Something I’m wholly disappointed with on the multiplayer front is the omission of the Theater mode. No longer will you be able to capture and re-live those glory moments. It’s really quite puzzling why Infinity Ward cut this mode as there was no good reason to do so, given how well-received it was previously.
If there’s one thing multiplayer has improved upon it would be the hit detection and hit boxes of opposing players. Weapons in the game also feel like they have a bit more of a punch to them. It’s the undeniable truth that the gameplay formula Call of Duty uses works and continues to remain intact. Whether this is a good or a bad thing, however, is a different story.
In the end though, if you’ve played Call of Duty religiously for the past few years you’ll definitely find familiar ground here and more power to you if you enjoy playing it. The gameplay is still as addictive as ever.
Moving on, we have a new mode called “Squads” and it’s about as pointless as you can get. You control AI teammates against other AI teammates – although saying “control” is being a bit too kind. The mode essentially screams “Look at what you could be doing in the actual multiplayer portion with other players!”. It’s essentially the combat training area from Black Ops and Black Ops II being passed off as something new.

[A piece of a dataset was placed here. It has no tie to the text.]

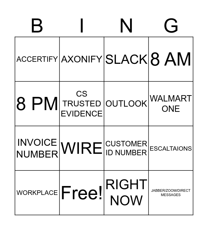 This bingo card has 21 words: Free!, UNO, AXONIFY, VCC, RIGHT NOW, OUTLOOK, ACCERTIFY, SLACK, CUSTOMER ID NUMBER, WALMART ONE, INVOICE NUMBER, 8 AM, JABBER/ZOOM/DIRECT MESSAGES, CS UNATHORIZED USER, CS TRUSTED EVIDENCE, ACCEPT VERIFIED, WORKPLACE, WIRE, 8 PM, ESCALTAIONS and DENY NON FRAUD.
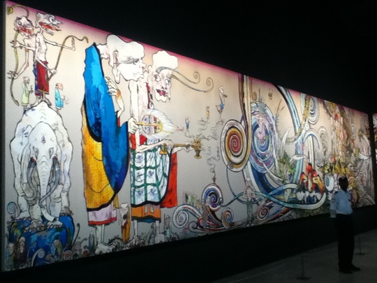Featuring more than 60 works from his early days to the present the Japanese artist also present a new 100-meter-long painting that wraps around the exhibition space and a giant inflatable sculpture of himself is also present greeting the visitors at the entrance.

Finally, we have Extinction. This appears to be Infinity Ward’s way of saying “Me too!” to the monotonous Nazi zombies plague that has been in Treyarch instalments since 2008. I get the undeniable feeling this mode was hastily thrown in to try and justify the price of the game. Just like zombies became in Black Ops II, Extinction is as dull as watching paint dry. You shoot aliens in the face whilst you protect a drill whilst it destroys the alien hives. I can’t be the only one who’s grow tired of horde modes and base defense modes in games, can I?
I wish I was able to say more positive things about Call of Duty: Ghosts, I really do – especially after the efforts that Treyarch went to last year in order to give the franchise a kick up the backside. But alas, here we stand. Ghosts is a sub-par and mediocre game, there are no two-ways about it. It’s a hurriedly put together mess that takes more away from the series than it adds. If you enjoy Call of Duty then there’s no doubt you’ll enjoy this iteration. However, I feel as if the time has come for Activision to seriously re-evaluate what to do with the franchise.
With big name titles such as Battlefield 4 moving in for the kill and new IP’s such as Titanfall – from ex-Infinty Ward developers no less – and Destiny – being published by Activision itself – just on the horizon, Call of Duty is going to need to make some big, fundamental and game changing moves in order to stay relevant in the years ahead.